### Aim of the exercise
All pictures are to be skipped; retype only the lines from the top of the entries through the line with "FLAUBERT (Gustave). Œuvres", both included.

Excerpts from a dataset
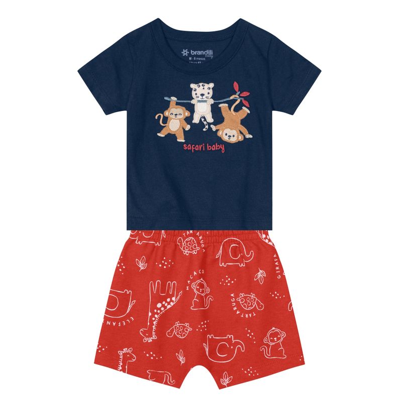 Conjunto Masculino Bebê Brandili 26091 Material: MEIA MALHA E MOLETINHO Manga: MANGA CURTA Abertura: FECHADA Aplique Bordado
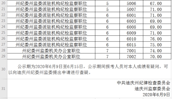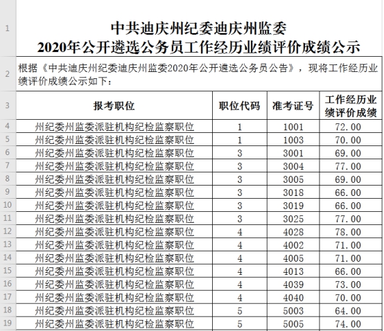 中共迪慶州紀(jì)委迪慶州監(jiān)委2020年公開遴選公務(wù)員工作經(jīng)歷業(yè)績(jī)?cè)u(píng)價(jià)成績(jī)公示
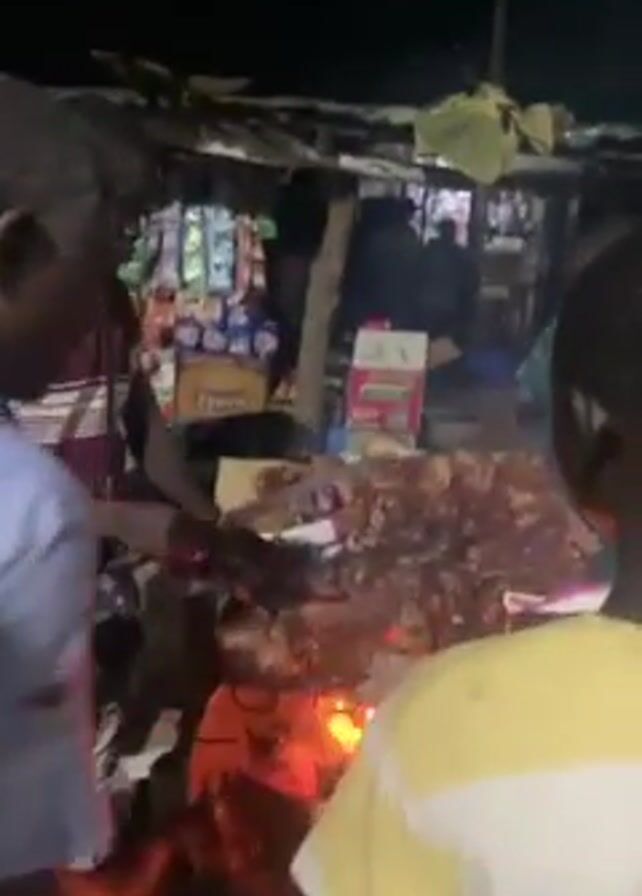 A group of people are gathered around a grill that is cooking what appears to be meat. A few people stand by the grill, seemingly waiting for their order. The grill is set up outdoors at night near a kiosk where snacks and other items are available for sale. One person in a light blue shirt seems to be taking care of the meat, while others are observing.
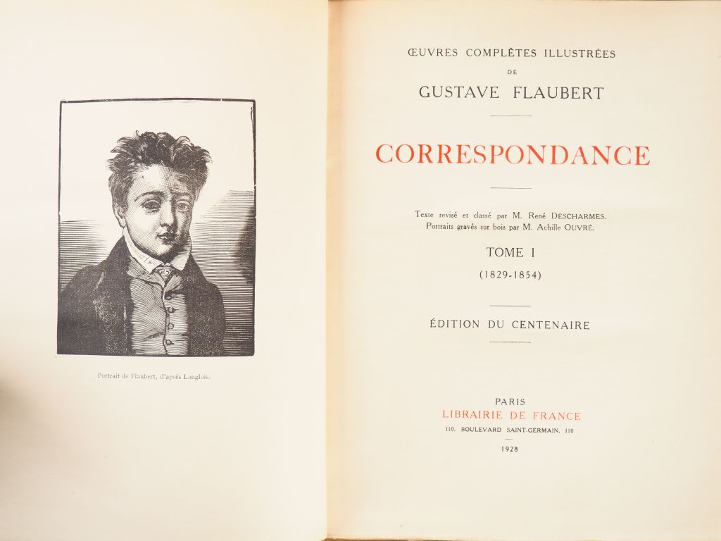 FLAUBERT (Gustave). Œuvres complètes illustrées. Edition du Centenaire. Paris, Librairie de France 1925-1928. 10 vol. in-4. Reliure demi-chagrin vert à coins, couv. Cons. têtes dorées (dos passés). Illustrations de Bourdelle, Dunoyer de Segonzac, Lombard, Valloton, Achille Ouvré. 10 volumes seuls, sur 14 parus
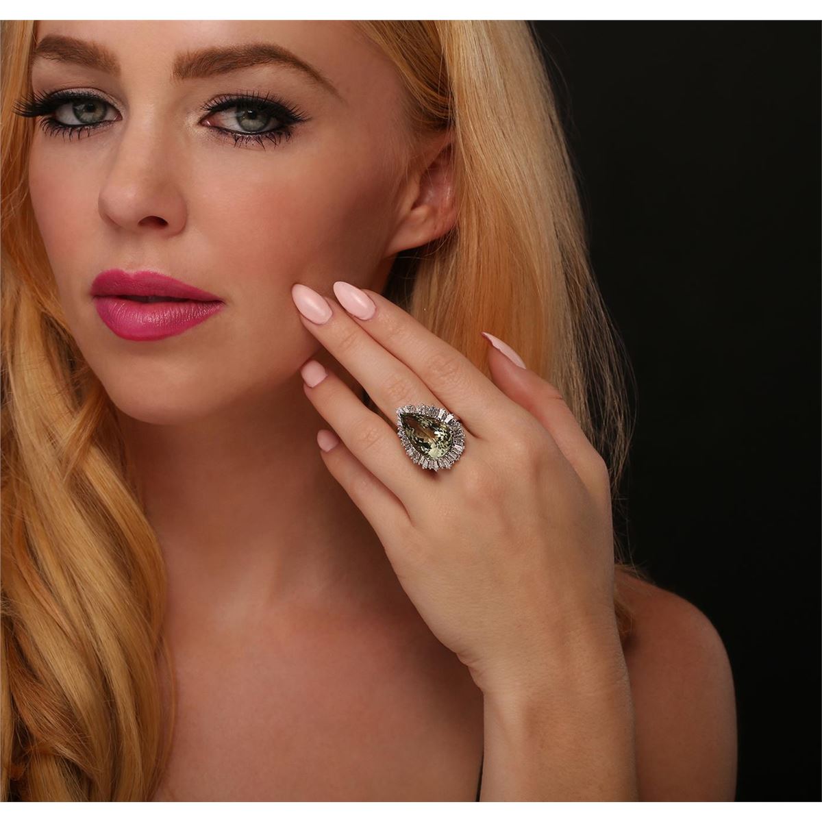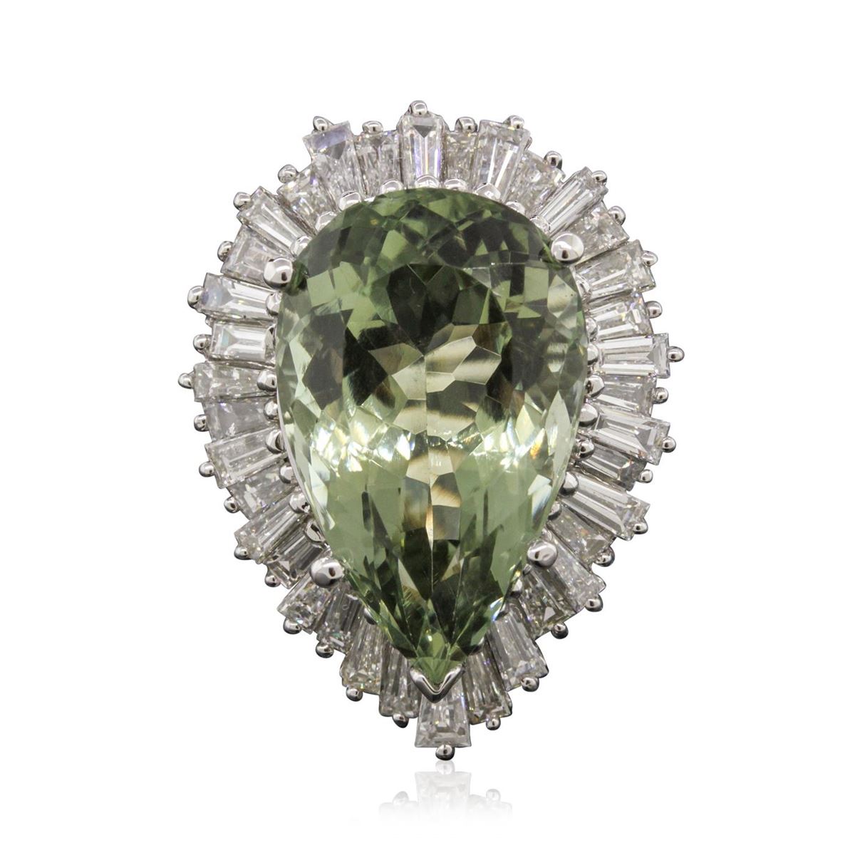 One electronically tested 14KT white gold ladies combination cast & assembled ring with a bright polish finish. Identified with markings of "K14". Condition is new. Containing: One prong set pear modified brilliant cut natural greened amethyst, measuring 21.00 x 13.00 x 10.00mm, approximate weight of 14.52ct., clarity is eye clean, light, very slightly grayish, green color, (GIA G 3/3), cut is good. Thirty-Six prong set baguette cut diamonds, measuring from 3.00 x 1.50 x 1.28mm (depth est.) to 4.50 x 1.50 x 1.28mm (depth est.) approximate total weight of 36 Stones = 2.37ct. Clarity: VS-2 to SI-1. Color: H - I, Cut is Good. Colored gemstones are presumed to have been subjected to commonly used enhancement processes. All diamonds and colored gemstones are graded in the mounting, unless otherwise stated. Total Weight of Colored Stones 14.52ct. Total Weight of Diamonds 2.37ct. Total Weight of Ring 10.30 grams. GGL Appraised at $11,475.00.
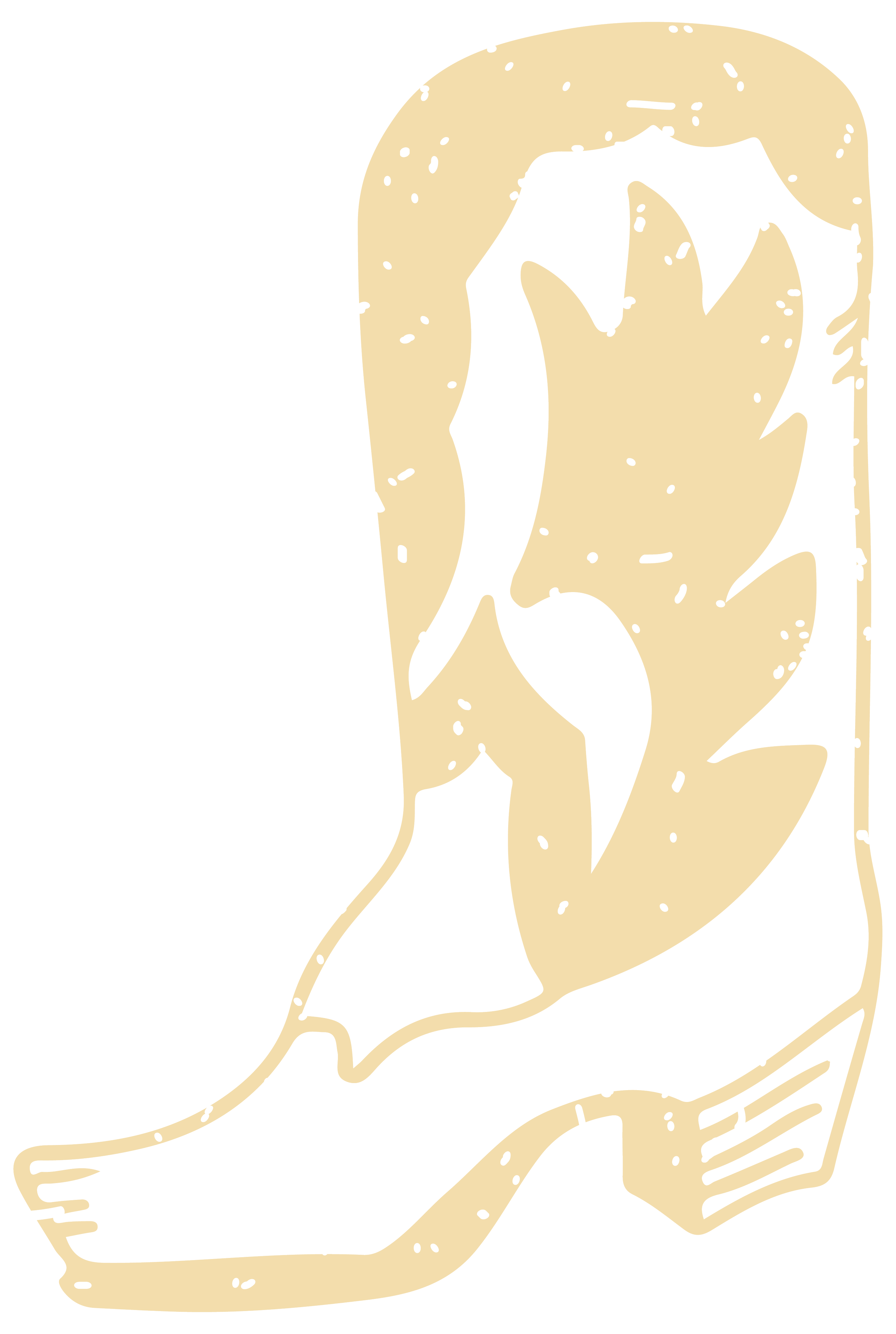 Line drawing of a tall saguaro cactus with several arms, some with flower buds

### Solution to the problem
 Conjunto Masculino Bebê Brandili 26091 Material: MEIA MALHA E MOLETINHO Manga: MANGA CURTA Abertura: FECHADA Aplique Bordado
 中共迪慶州紀(jì)委迪慶州監(jiān)委2020年公開遴選公務(wù)員工作經(jīng)歷業(yè)績(jī)?cè)u(píng)價(jià)成績(jī)公示
 A group of people are gathered around a grill that is cooking what appears to be meat. A few people stand by the grill, seemingly waiting for their order. The grill is set up outdoors at night near a kiosk where snacks and other items are available for sale. One person in a light blue shirt seems to be taking care of the meat, while others are observing.
 FLAUBERT (Gustave). Œuvres complètes illustrées. Edition du Centenaire. Paris, Librairie de France 1925-1928. 10 vol. in-4. Reliure demi-chagrin vert à coins, couv. Cons. têtes dorées (dos passés). Illustrations de Bourdelle, Dunoyer de Segonzac, Lombard, Valloton, Achille Ouvré. 10 volumes seuls, sur 14 parus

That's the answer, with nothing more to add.